Question

A 5.0 kg, 54-cm-diameter cylinder rotates on an axle passing through one edge. The axle is parallel to the floor. The cylinder is held with the center of mass at the same height as the axle, then released. (Figure 1)What is the magnitude of the cylinder's initial angular acceleration?What is the magnitude of the cylinder's angular velocity when it is directly below the axle?

Answer 1

Answer: a) 24.2 rad/s² b) 6.95 rad/s

Explanation:

So the cylinder's moment of inertia is $I = \frac{MR^2}{2}$, where M is the mass of the cylinder and R is its radius.
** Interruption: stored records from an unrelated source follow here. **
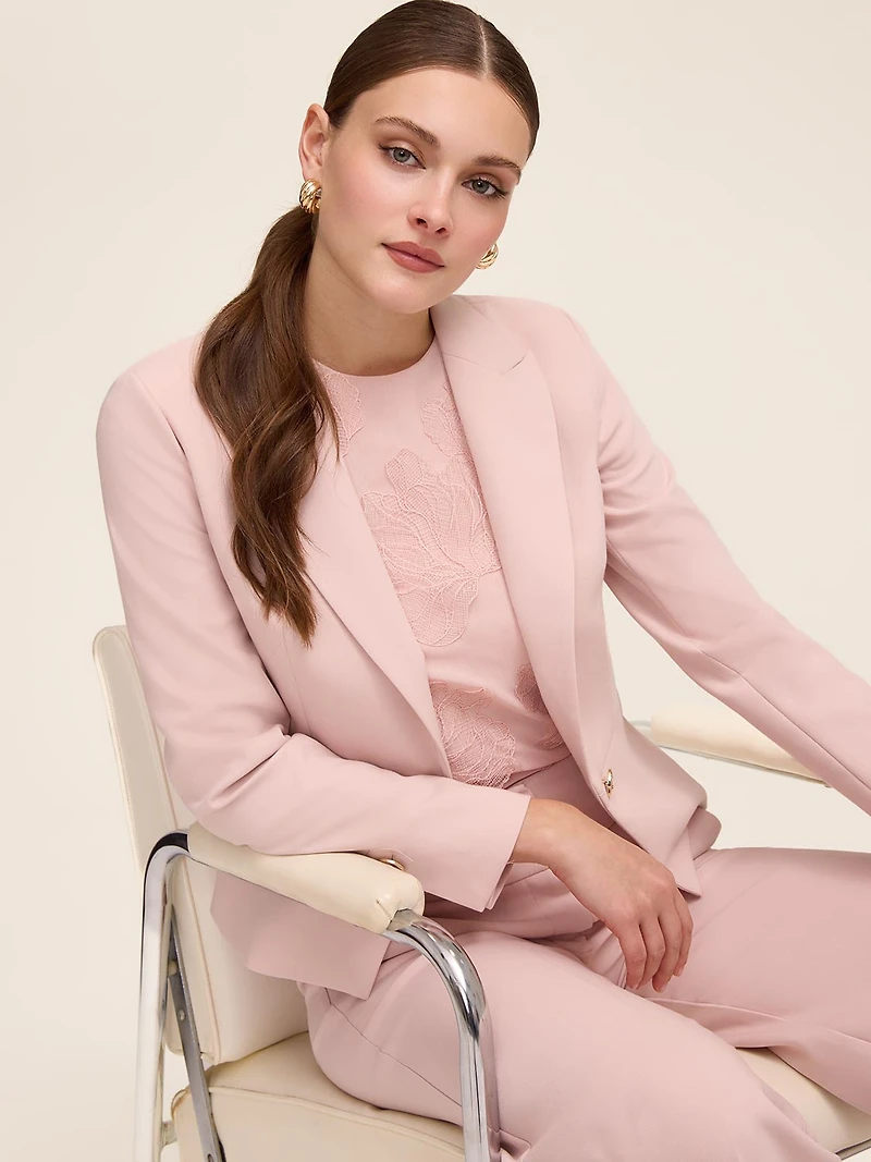 Elevate your tailored look with this short peplum blazer, designed in a soft pink hue for a refined yet feminine statement. The structured silhouette is balanced with a subtle peplum hem that defines the waist, while classic lapels and a single-button closure keep the finish polished. Perfect for work or special occasions, this blazer pairs seamlessly with the matching pant for a modern, coordinated set or styles just as effortlessly with skirts and denim. Complete the look and wear it your way.
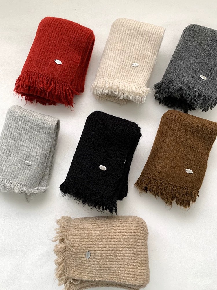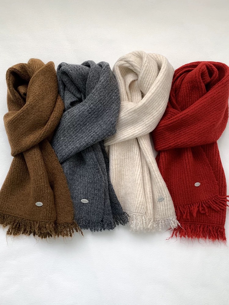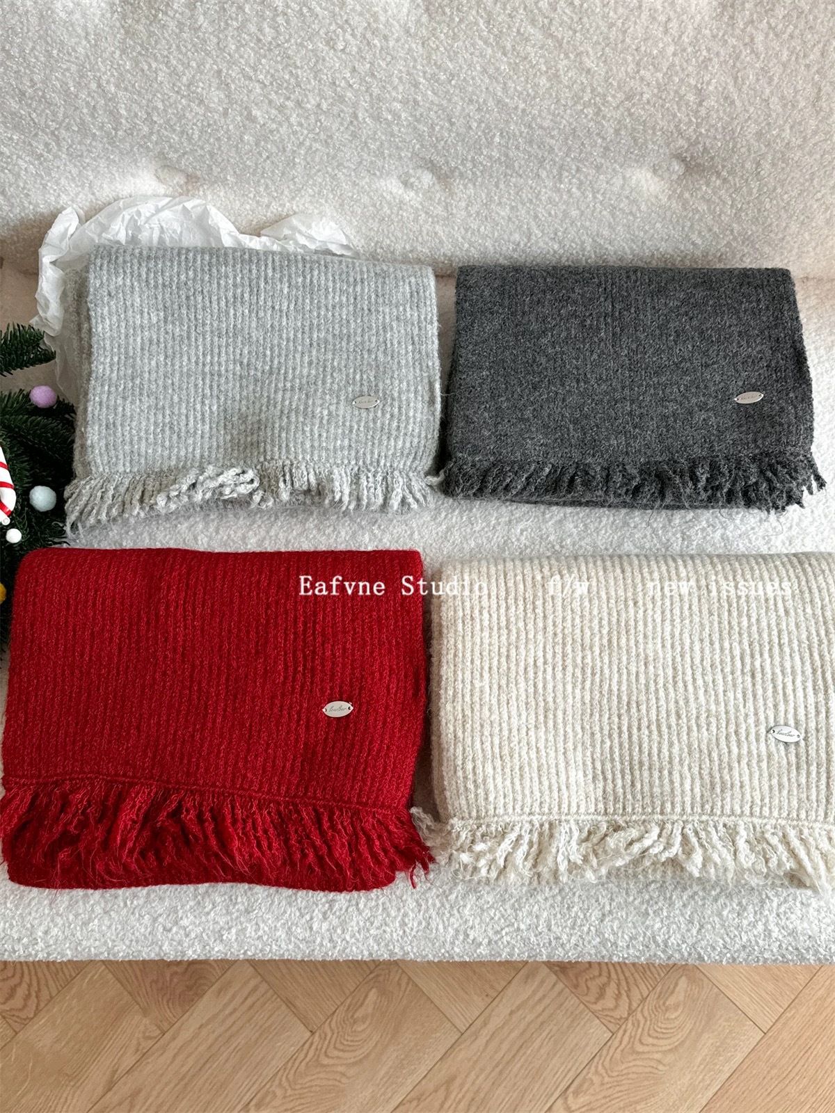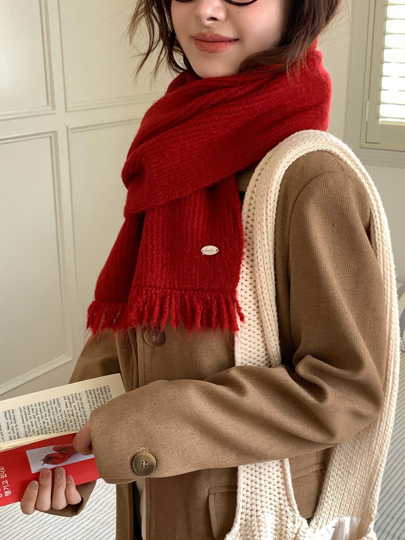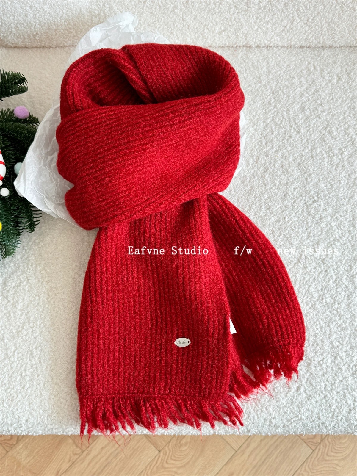 양모 블렌드 술 레드 스카프 여성의 겨울 하이 엔드 두꺼운 모피 가장자리 니트 따뜻한 목 커플의 국경 간 스카프스토어 가기
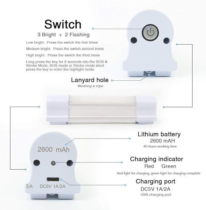 - 5 LIGHTING WORK: 100% brightness, 50% brightness, 10% brightness, strobe mode and SOS mode, multi-function wireless LED fluorescent meet your different need. Premium LED tube light with 2600 mAh capacity battery, support for 40H working time
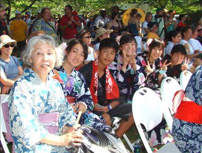 來自日本2011年海嘯地震災區的小學生們和老師(左)參與日本祭表演活動
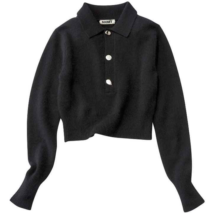 好印象間違いなしの 衿付きニットは コンパクトさがより女性らしい
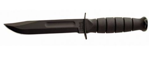 Ka-bar USA Fighting Knife. Plain Black. 12" overall. 7" black epoxy powder coated carbon steel blade with blood groove. Black Kraton G handle with black epoxy powder coated carbon steel guard and butt. Black leather belt sheath.

The problem you have here is that the axle is modifying it, so we use the parallel axis theorem:

Therefore

$I = \frac{MR^2}{2} + MD^2$ where D is the distance from the center of mass to the axis which is a radius R

$\=> I = \frac{MR^2}{2} + M(R)^2 = \frac{3MR^2}{2}$

Next the Momentum with respect to the center of mass of the cylinder is

$M_{c} = I\alpha = F*R = m*g*R$ because there are no other forces rather than the cylinder's weight, now $I = \frac{3*5*0.27^2}{2} = 0.54675$ kg*m^2

a ) replace and find $\alpha = (m*g*R)/(I )$

$\alpha = (5.0*9.8*0.27)/(0.54675 ) = 24.2 rad/s^2$

b) we start by assuming that the energy is conserved because the cylinder is rolling without sliding:

so the potential energy is given by $E = M*g*R = 5*9.8*0.27 = 13.23J$

now you have that the same amount is going to be equal to the kinetic rotational energy of the cylinder so $13.23J = \frac{I*\omega^2}{2} => \omega = \sqrt(\frac{2*13.23J}{0.54675} ) = 6.95 rad/s$